Content starts
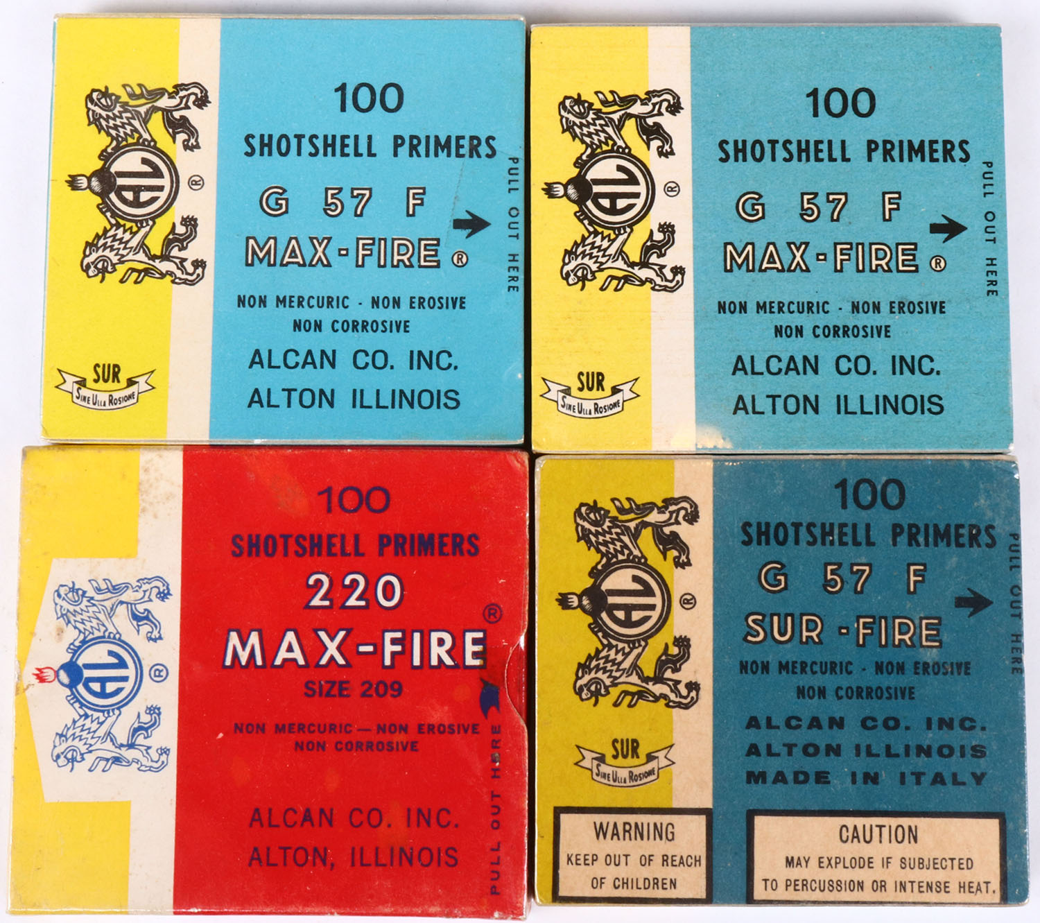Lot of 4 Alcan primer boxes, 4 Full, all solid. Grade: Excellent - Value: 6 to 60
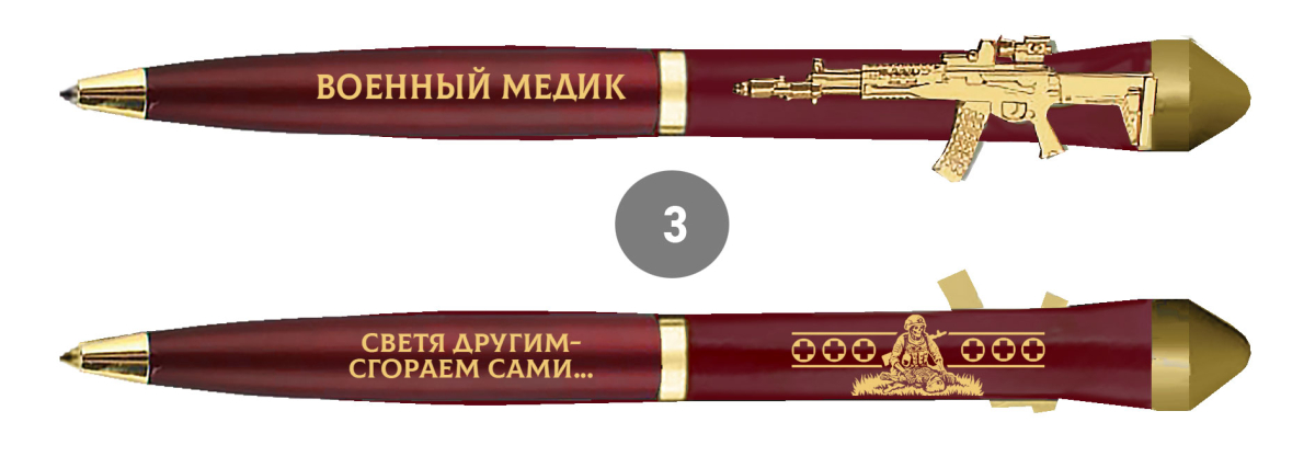 Подарочная ручка военный Медик "Светя другим – сгораем сами…" с автоматом в футляре
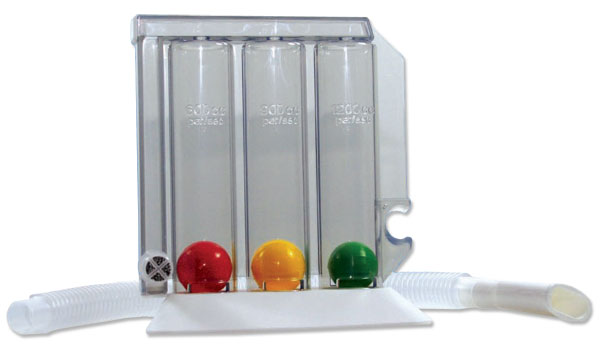 Esercitatore respiratorio per la riabilitazione respiratoria attraverso l'inspirazione in seguito ad un intervento addominale o toracico. Il flusso dell'aria non si interrompe dopo aver alzato le tre palline. Non diffonde particelle dannose per la salute.
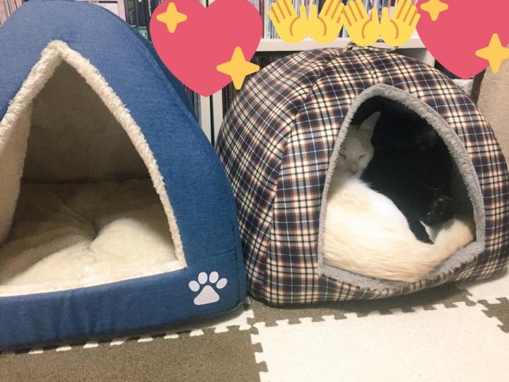 2匹ともチェック柄の三角のキャットハウスがお気に入りで、黒いのが先に入っていると白いのが後から押し入って
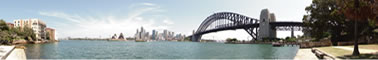 カメラを動かす間に複数の画像を撮影し、合成して1枚のパノラマ画像を作成します。
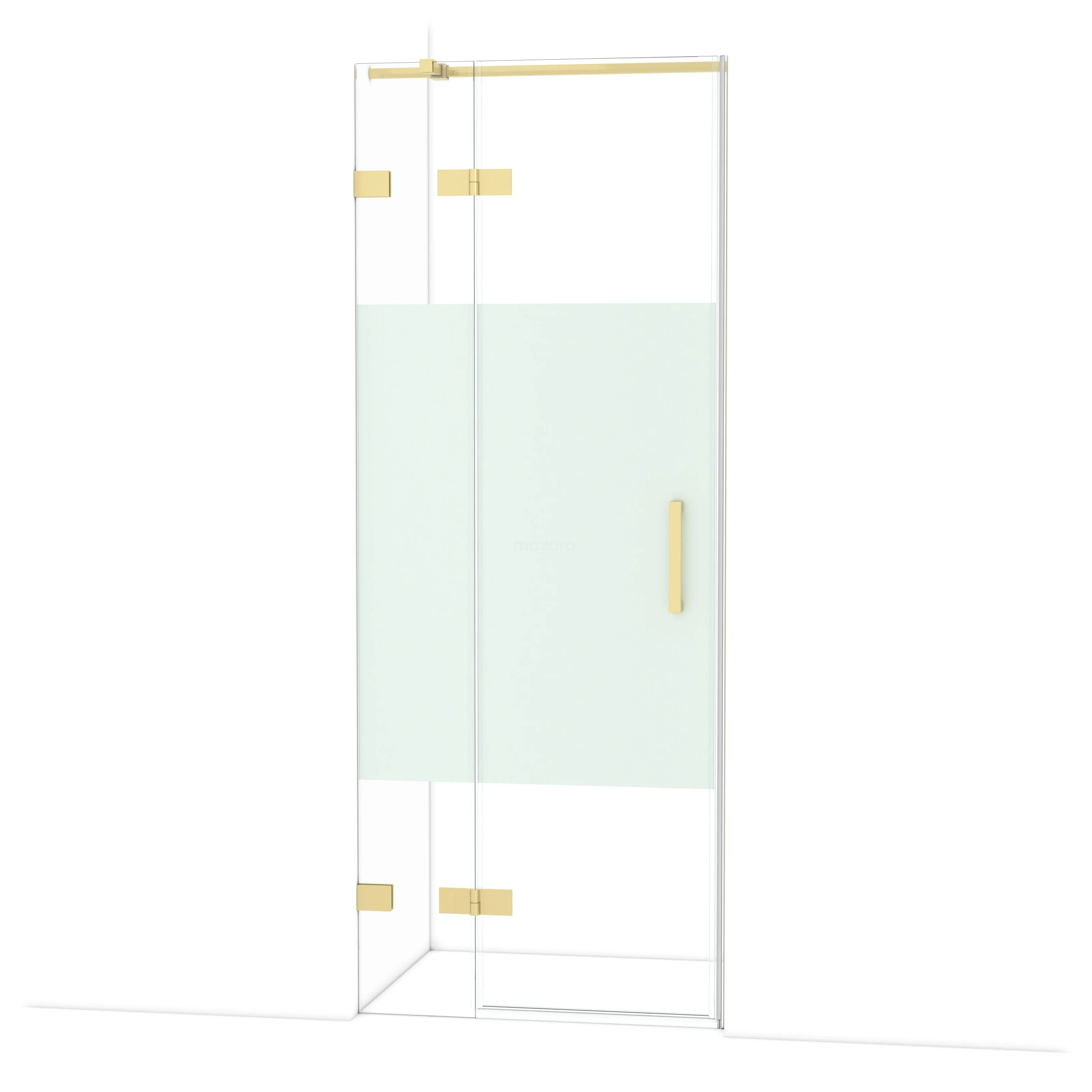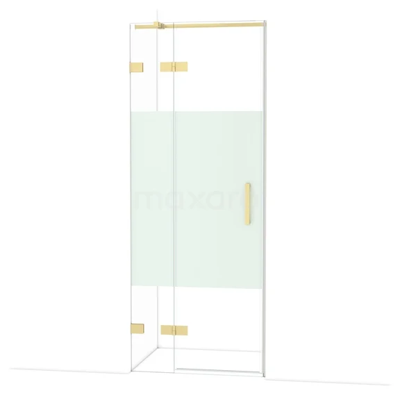 Die 80 cm lange Drehtür Diamond ist ideal für den Abschluss Ihrer Duschnische. Sie hat eine hellgoldene Oberfläche und ist mit hochwertigen Scharnieren, einer Zwei-Punkt-Befestigung und einem vertikalen Griff ausgestattet. Das Klarglas mit mattiertem Streifen sorgt für mehr Privatsphäre. Die Verstellbarkeit macht es einfach, die Duschtür zu montieren. Die Gesamtbreite ist von 79,7 bis 80 cm verstellbar.
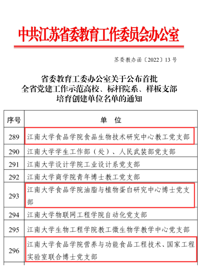 近日,江苏省委教育工委公布了首批全省党建工作示范高校、标杆院系、样板支部培育创建单位名单,我院食品生物技术研究中心教工党支部、油脂与植物蛋白研究中心博士党支部,营养与功能食品工程技术、国家工程实验室联合博士党支部入选“首批全省党建工作样板支部”培育创建单位。
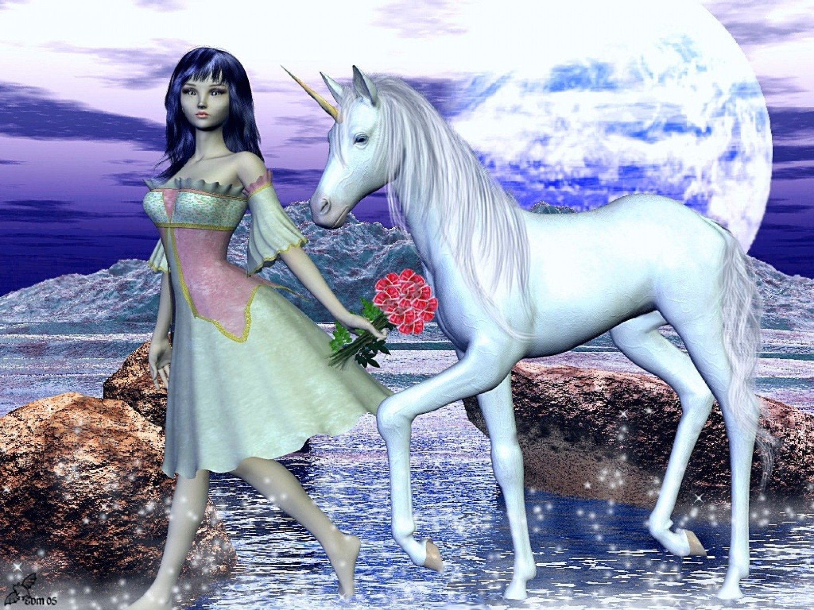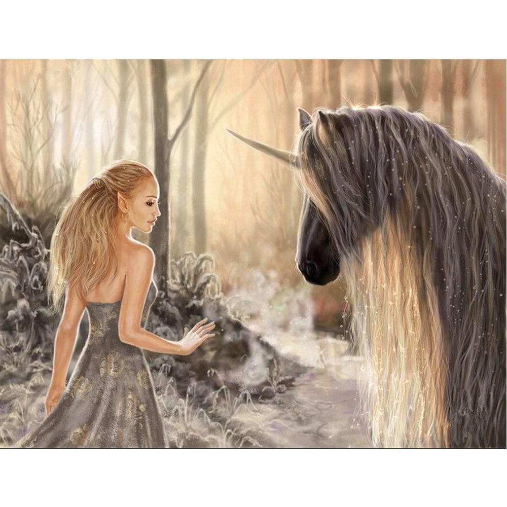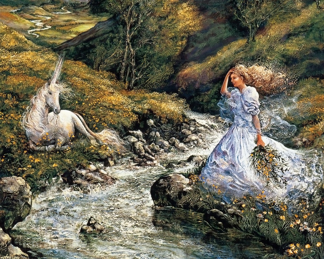 Девушка и Единорог фэнтези
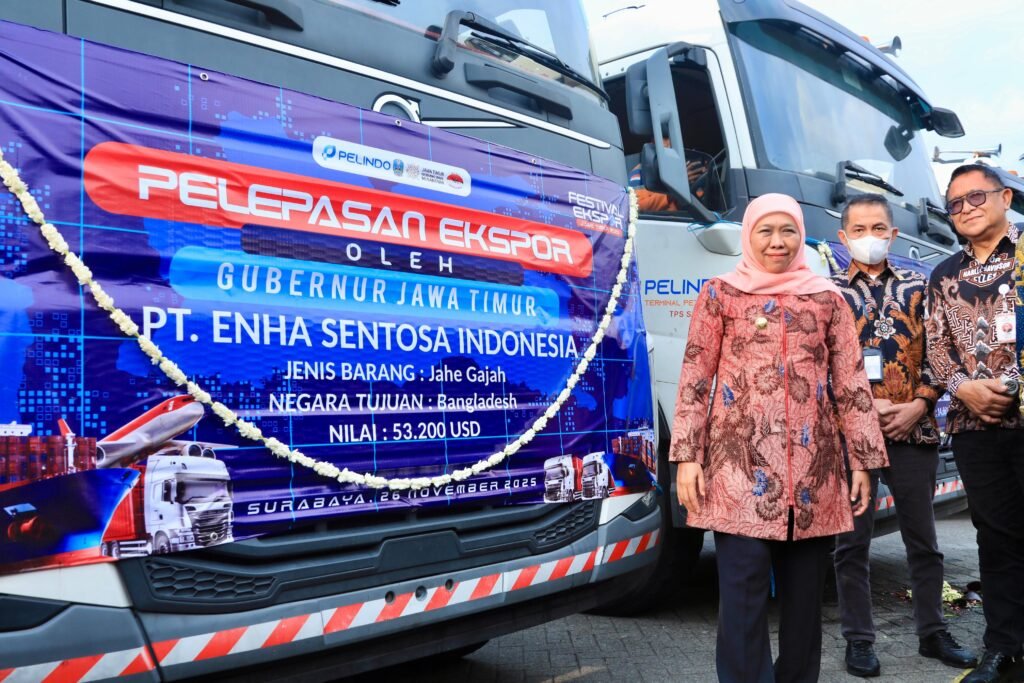 SURABAYA, 27 NOVEMBER 2025 – VNNMedia – Gubernur Jawa Timur Khofifah Indar Parawansa melepas enam truk produk ekspor Industri Kecil Menengah (IKM) Desa Devisa Jawa Timur dengan nilai total USD351,6 ribu atau setara Rp5,8 miliar. Pelepasan dilakukan dalam gelaran Festival Ekspor Jawa Timur 2025 di PT Terminal Petikemas Surabaya (TPS), Rabu (26/11/2025).
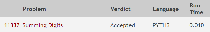 解題想法 : 首先定義一個函數f(s),用於遞迴計算答案。(s為輸入字串) 當輸入的字串長度 = 1 時,結束f(s)。 否則遞迴呼叫f(Sum(s))。 其中函數Sum(s)需要另外定義,用於計算字串各位數相加結果。(注意 : 首先會讀入字串,並將各位數轉成整數並相加求出總和,最後再將總和轉回字串型態。(C可用sprintf(), C++可用std::to_string() or stringstream, Python可用str())) 如此一來即可解決此題。
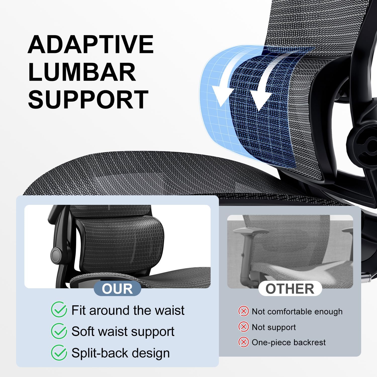 Adaptive Lumbar Support:This ergonomic chair features adaptive lumbar support, where the lumbar area adjusts automatically to fit the user’s posture, providing optimal support and relieving fatigue from prolonged sitting
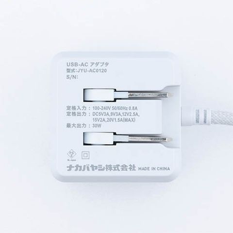 ●柔らかいケーブル採用のコンパクトなキューブデザインUSB PD充電器(30W)。
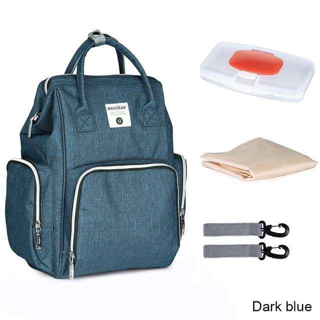 In regard to this mummy bag,it's stylish,luxurious,Amazing and it have a large capacity space.And you can carry a lot of baby things,like diaper pad,feeding-bottle,baby toys and so on.In addition,this mummy bag is very suitable for shopping, traveling when you with baby.
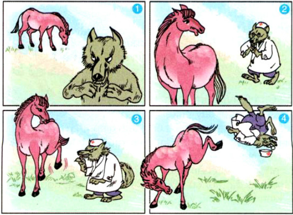 - Tranh 1 : Trông thấy Ngựa đang gặm cỏ, Sói ta thèm thuồng đến rỏ dãi.
Content ends
Task objective
Print every record above exactly, but no pictures.

Task solution
Lot of 4 Alcan primer boxes, 4 Full, all solid. Grade: Excellent - Value: 6 to 60
 Подарочная ручка военный Медик "Светя другим – сгораем сами…" с автоматом в футляре
 Esercitatore respiratorio per la riabilitazione respiratoria attraverso l'inspirazione in seguito ad un intervento addominale o toracico. Il flusso dell'aria non si interrompe dopo aver alzato le tre palline. Non diffonde particelle dannose per la salute.
 2匹ともチェック柄の三角のキャットハウスがお気に入りで、黒いのが先に入っていると白いのが後から押し入って
 カメラを動かす間に複数の画像を撮影し、合成して1枚のパノラマ画像を作成します。
 Die 80 cm lange Drehtür Diamond ist ideal für den Abschluss Ihrer Duschnische. Sie hat eine hellgoldene Oberfläche und ist mit hochwertigen Scharnieren, einer Zwei-Punkt-Befestigung und einem vertikalen Griff ausgestattet. Das Klarglas mit mattiertem Streifen sorgt für mehr Privatsphäre. Die Verstellbarkeit macht es einfach, die Duschtür zu montieren. Die Gesamtbreite ist von 79,7 bis 80 cm verstellbar.
 近日,江苏省委教育工委公布了首批全省党建工作示范高校、标杆院系、样板支部培育创建单位名单,我院食品生物技术研究中心教工党支部、油脂与植物蛋白研究中心博士党支部,营养与功能食品工程技术、国家工程实验室联合博士党支部入选“首批全省党建工作样板支部”培育创建单位。
 Девушка и Единорог фэнтези
 SURABAYA, 27 NOVEMBER 2025 – VNNMedia – Gubernur Jawa Timur Khofifah Indar Parawansa melepas enam truk produk ekspor Industri Kecil Menengah (IKM) Desa Devisa Jawa Timur dengan nilai total USD351,6 ribu atau setara Rp5,8 miliar. Pelepasan dilakukan dalam gelaran Festival Ekspor Jawa Timur 2025 di PT Terminal Petikemas Surabaya (TPS), Rabu (26/11/2025).
 解題想法 : 首先定義一個函數f(s),用於遞迴計算答案。(s為輸入字串) 當輸入的字串長度 = 1 時,結束f(s)。 否則遞迴呼叫f(Sum(s))。 其中函數Sum(s)需要另外定義,用於計算字串各位數相加結果。(注意 : 首先會讀入字串,並將各位數轉成整數並相加求出總和,最後再將總和轉回字串型態。(C可用sprintf(), C++可用std::to_string() or stringstream, Python可用str())) 如此一來即可解決此題。
 Adaptive Lumbar Support:This ergonomic chair features adaptive lumbar support, where the lumbar area adjusts automatically to fit the user’s posture, providing optimal support and relieving fatigue from prolonged sitting
 ●柔らかいケーブル採用のコンパクトなキューブデザインUSB PD充電器(30W)。
 In regard to this mummy bag,it's stylish,luxurious,Amazing and it have a large capacity space.And you can carry a lot of baby things,like diaper pad,feeding-bottle,baby toys and so on.In addition,this mummy bag is very suitable for shopping, traveling when you with baby.
 - Tranh 1 : Trông thấy Ngựa đang gặm cỏ, Sói ta thèm thuồng đến rỏ dãi.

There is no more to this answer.